Setelah menghabiskan waktu berjam-jam di atas pesawat. Perempuan itu bisa duduk tenang di bangku penumpang. Punggungnya ia sandarkan di sana. Tatapan itu ia lempar keluar jendela mobil. Penampakan jalan yang dulu ia tinggali kini berkembang pesat. Ternyata sudah enam tahun kota itu ia tinggalkan. Seperti orang yang baru kembali dari pengasingan. Melarikan diri layaknya pecundang. Wajah-wajah masa lalu terngiang kembali, peristiwa mengerikan muncul menyerbu ingatannya. Victoria merasakan tubuhnya membeku di tempat.  Sekujur tubuhnya gemetar hebat. Ibarat film lama, kejadian itu kembali terputar.

"Kakak bangga sama kamu." Waktu itu Victoria baru menginjak masa SMA. Usia dimana ia mengetahui rasanya menjadi remaja.
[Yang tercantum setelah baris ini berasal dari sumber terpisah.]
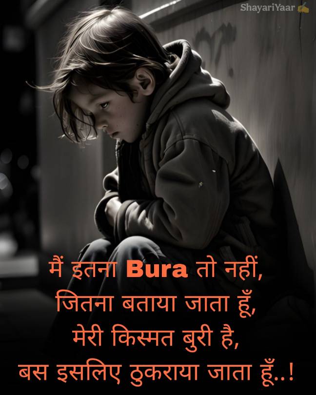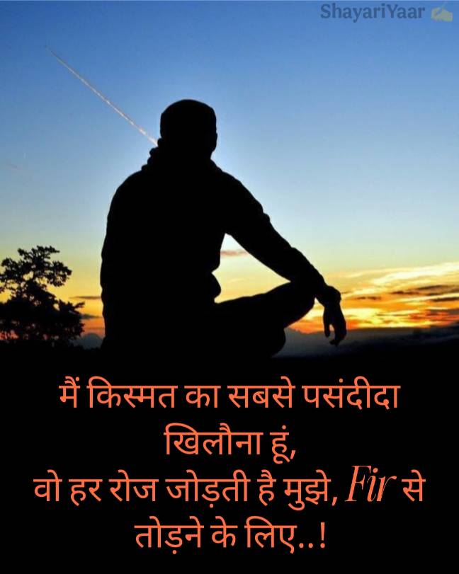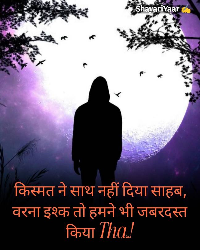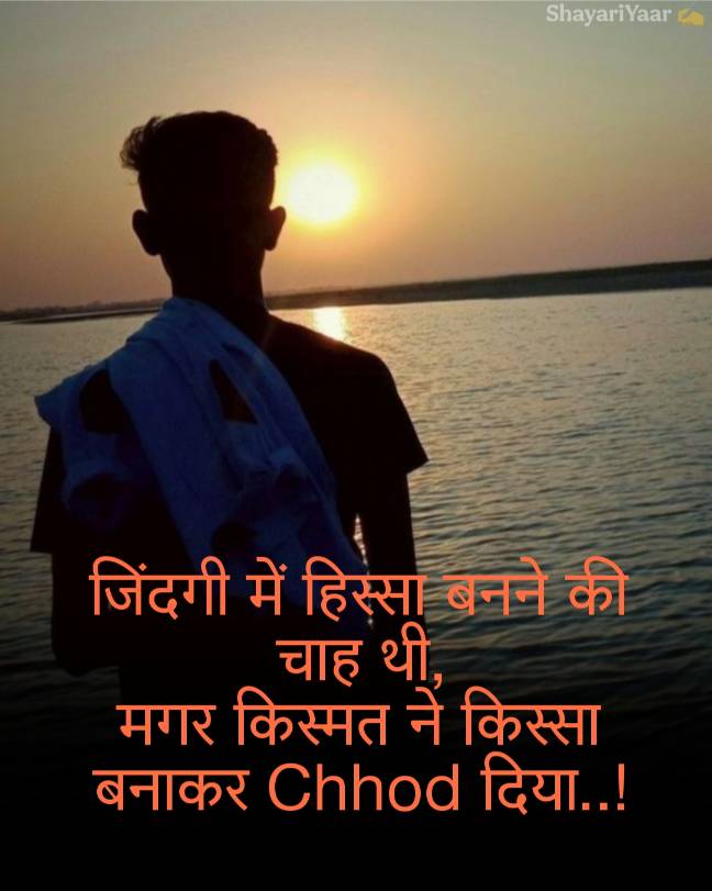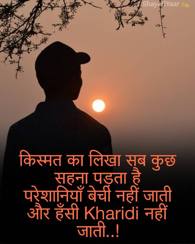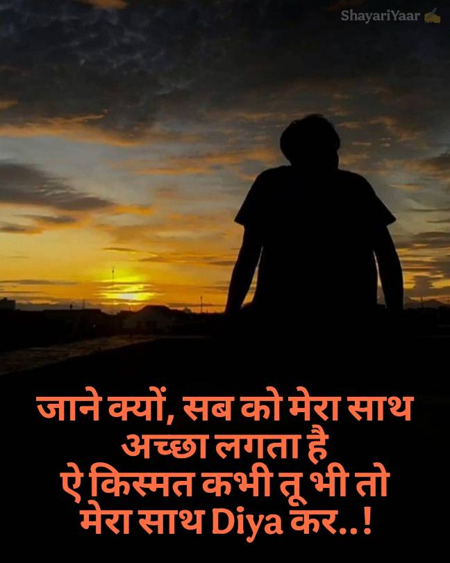 नमस्कार दोस्तों स्वागत है आपका हमारी एक और नई पोस्ट में दोस्त आज हमने इस लेख में खराब किस्मत शायरी साझा की है यह Kharab Kismat Shayari उन लोगों के लिए है जिनकी किस्मत खराब है। खराब किस्मत वाले लोग कुछ अच्छे कार्य करने जाते हैं तो वह कार्य बुरे साबित होते हैं। ऐसा लगता है कि जिंदगी में बहुत कुछ गलत हो रहा है। कोई भी हमारा साथ नहीं देता हमारे अपने भी छोड़ कर चले जाते हैं। जब हमारी किस्मत साथ नहीं देती जब किस्मत खराब होती है तो हम इसे खराब किस्मत कहते हैं। खराब किस्मत वाले लोग अक्सर जिंदगी में परेशान रहते हैं ऐसी स्थिति में ये शायरी आपके मन की बात कहेगी। आपको यहां पर सबसे बेस्ट खराब किस्मत शायरी पढ़ने को मिलेगी जो आपको बढ़ावा देगी और खुशी का एहसास दिलाएगी। दोस्तों यह खराब किस्मत शायरी हमने बहुत ही मेहनत से आपके लिए लिखी है इसे जरूर पढ़ें, में आशा करता हूं कि आपको हमारी यह Kharab Kismat Shayari पसंद आएंगी दोस्तों आप इसे अपने व्हाट्सएप स्टेटस पर भी लगाएं ताकि आपके दोस्त भी हालात का पता चले कि आप किस वक्त से गुजर रहे हैं।

Di hadapannya Yuri duduk bersila, sang adik  mengernyitkan dahinya  seperti orang kebingungan. Mencerna makna 'bangga' yang baru saja ia ucapkan.

"Bangga punya adik kesayangan yang pinter kayak kamu dan sekaligus iri karena kamu selalu dapet perhatian papa  mama. Kamu selalu rangking di kelas, dapet penghargaan dimana-mana. Ya Tuhan! Kapan kakak kayak kamu Yul?" Wajah Victoria berubah kecewa. Sebenarnya ia tidak benar-benar sedih hanya penasaran saja dengan reaksi sang adik.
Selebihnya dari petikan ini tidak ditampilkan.